It was “amazing to be able to Google ‘1930s whore-house menu’ and find out what a dry-job was,” laughs Maupin. “Penetration without ejaculation. It was the cheapest thing on the menu because it meant less mess for the girls.” Lysol, he discovered, was used as a spermicide, before later being considered as a feminine hygiene product, before it became the household product of today. “Imagine husbands coming home telling their wives they smelled as fresh as the kitchen floor,” he says.
Just like the characters in the new book, Maupin has been to Burning Man, in 2012 and 2013, with Christopher Turner, his husband, who (like Ben in the book to Michael) is younger than Maupin by almost thirty years.
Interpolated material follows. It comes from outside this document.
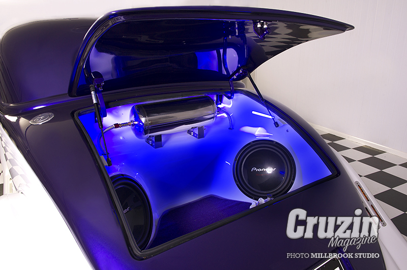 “I watched Pimp My Ride one day, where they put these huge speakers in the boot of a car, and I thought Mmm, I like that. I went out and bought bigger speakers than what I had and boxed out the boot because I still had access from the front. My hot rod friends just called me a dickhead, and they still give me grief to this day. They said, ‘Where are you going to put all your stuff?’ I just said, take less. The blue lights were shown to me by a mate, and I just had to have them.”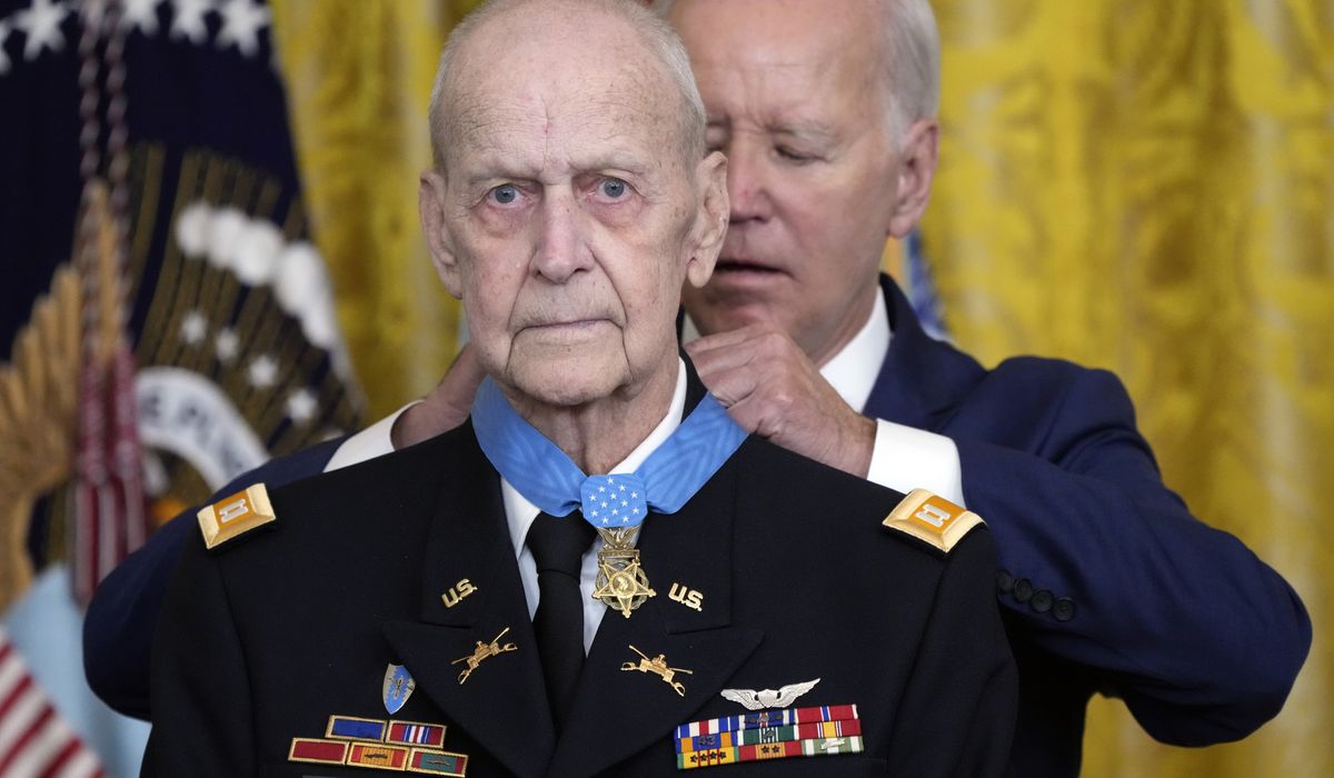 President Biden awarded the Medal of Honor on Tuesday to a Vietnam War Army helicopter pilot who scrambled to perform a daring rescue of four soldiers surrounded by heavy enemy fire and facing almost certain death.

The men met on the street in San Francisco’s Castro, just like Michael and Ben do in Michael Tolliver Lives: Turner ran a website, Daddyhunt, for younger guys into older. Like Michael in the current book, “The first time I had to be dragged kicking and screaming, the notion of all that dust, heat and all-night raves,” Maupin admits of Burning Man.
However, he was a fast convert. Maupin found it “the most extraordinary visual experience, like a ‘Fellini carnival on Mars,’” he says, quoting what one character calls it in the book. “It’s completely otherworldly. It’s perfect for Tales, because it’s a week of nothing but serendipity and coincidence. They’ve perfected the hippie ideal. You can’t have a cell-phone. You let the world happen to you. It’s two miles across, you can see it from space, yet you feel completely alone. The people there genuinely seem to be making an effort to be sweet to one another.” Earplugs and he and Turner’s RV’s generator kept the all-night-rave sounds at bay.
Maupin’s camp, “Celestial Bodies”, “the gay-bourhood” as he calls it, gave away free Cosmopolitans, which as a mixture of vodka and Gatorade, “hydrated you and got you a bit fuzzy too.” In the “Comfort and Joy” tent were gay men enjoying “cuddling to out-and-out sex,” while at the “Astropups” camp men shower together outside.
“I liked wandering round the backstreets of the playa, stumbling across various adventures,” says Maupin, amazed that 60,000 people attended the event. “It’s a challenge to convey the phantasmagorical nature and size of it.” He was particularly taken by a giant octopus breathing fire and rolling its eyes and Dr. Scrote’s Circumcision Wagon and Calamari Hut: “I didn’t actually visit it. As an uncut person of English extraction, I found it off-putting.”
The Days of Anna Madrigal really is the last Tales novel, Maupin insists. “I’ve been accused of ‘Cher’s last tour’ syndrome, and there’ll be another. But there really won’t.” However, it won’t be the full end, he reveals to me. After nine books, the TV mini-series (which saw the first three books made), a musical (with songs by Jake Shears of the Scissor Sisters) and a BBC Radio 4 play, Maupin reveals he has just met with a TV executive in Los Angeles keen – finally – to make the remaining Tales novels into a television drama. “In (the non-Tales) Maybe The Moon, I wrote that in Hollywood you can die of expectation,” says Maupin, seeking to quell the fever of fans. “Nothing has been finalized yet.” Too late: we are excited.
“I autograph books for people who are blubbing so seriously I have to hold them in my arms.”
Maupin grew up in Raleigh, North Carolina, and became a writer after reading English at university and serving briefly in the military. “My father wanted me to be a lawyer,” he told me once. But the author preferred Fellini double bills and moved to San Francisco in 1971. “I whitewashed my family’s supposed so-called acceptance of me,” Maupin has said. “That notion they ‘forgave’ me but never accepted me.”
The Tales characters are not based on real people but “inner drives and aspects of myself”, he once said: “Mary-Ann my ambition, Mona my world-weariness. Michael was a romantic, Brian the sexual predator. Mrs. Madrigal was the wiser me.” Where Michael is HIV-positive, Maupin is not. “It was hard losing so many friends, it’s been heartbreaking, but I don’t think I have any survivor’s guilt,” he says of AIDS. “I strongly support anything that supports and honors our tribe, because so many of us aren’t here any more.”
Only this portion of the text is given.